Chin: no regrets; Cull: need lure

Peter Chin
Peter Chin
Former Dunedin mayor Peter Chin rejects claims Forsyth Barr Stadium was oversold and says he has no regrets over the decision to build it.

However, the man who replaced him as mayor, Dave Cull, has reiterated his belief the stadium model was designed "to convince people to build it", and says changes are needed.

That could include a new events fund to pay incentives to lure promoters to Dunedin, which would be considered as part of the review of the stadium and Dunedin Venues Management Ltd.

Messrs Cull and Chin were responding to concerns about the stadium project raised by David Davies, the man until this week tasked with running it.
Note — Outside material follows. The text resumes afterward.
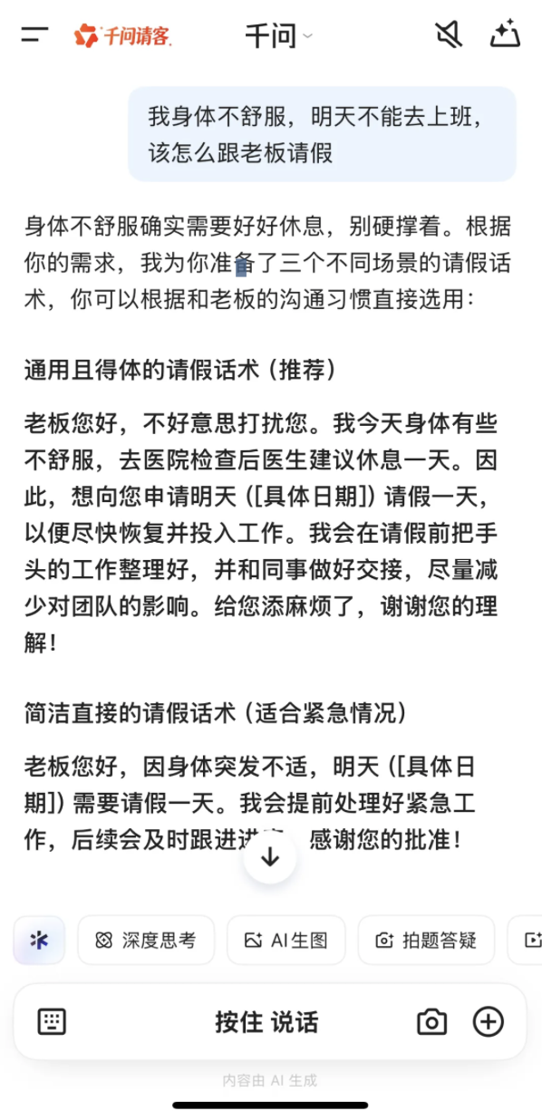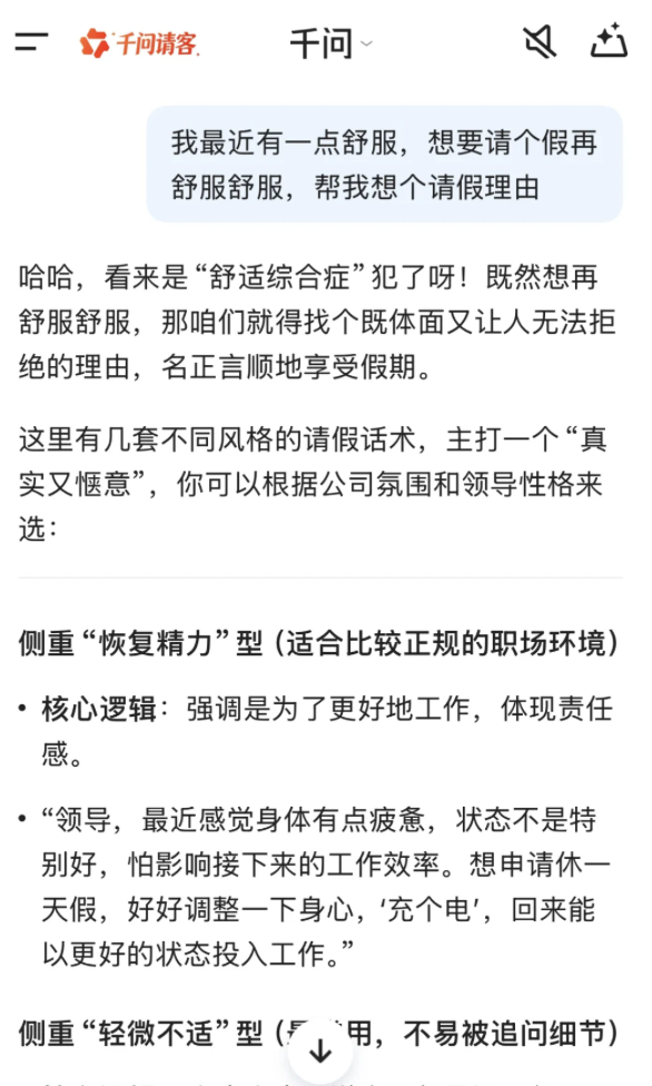 据悉,天然今天开工大吉,但让“千问帮我”写请假条的东说念主数激增530%。有的东说念主主打正式其事,用“体魄不惬意,百家乐帮我请个假”这种请示词找千问编请假条,根由包括但不限于拔牙、甲沟炎、痔疮手术、跑肚、踢到金莲趾。

Mr Chin said he struggled to recall some project details, including contingencies in stadium budgets, and did not want to "muddy the waters" by commenting on those claims.

However, he denied the stadium had been oversold to convince councillors to build it, instead describing it as a methodical process worked through over months.

Councillors had to be convinced various requirements were met before voting on whether to build it, and the result was 10-4 in favour, he said.

Mr Chin's involvement had ceased "when the results of the election were known" in October 2010, but he had "no second thoughts".

"I have no regrets on having made the decision that was made, on the basis of all the facts and all the procedure that we went through."

Dave Cull
Dave Cull
Asked about Mr Davies' call for the city to move on, Mr Cull said he agreed and had already said so publicly.

An events fund would be considered during the stadium review, as it was clear something needed to be done, Mr Cull said.

"If the stadium is going to provide the economic benefit to the city that it could, we have to find ways to incentivise events into the city."

Asked if the venue had been oversold to convince people to build it, Mr Cull said the review would address that, too.

The old operating model "isn't necessarily the most appropriate model now" and would be reconsidered as part of the review, he said.

He also conceded the council of the day had made an "assumption" the Edgar Centre would become part of DVML, despite being run by an independent trust.

"The council couldn't make that promise in the first place."

Asked if that was an error, Mr Cull said: "You can call it what you like."

Carisbrook Stadium Trust chairman Malcolm Farry and former Dunedin City Council chief executive Jim Harland - who is now working for the New Zealand Transport Agency - did not return calls late this week.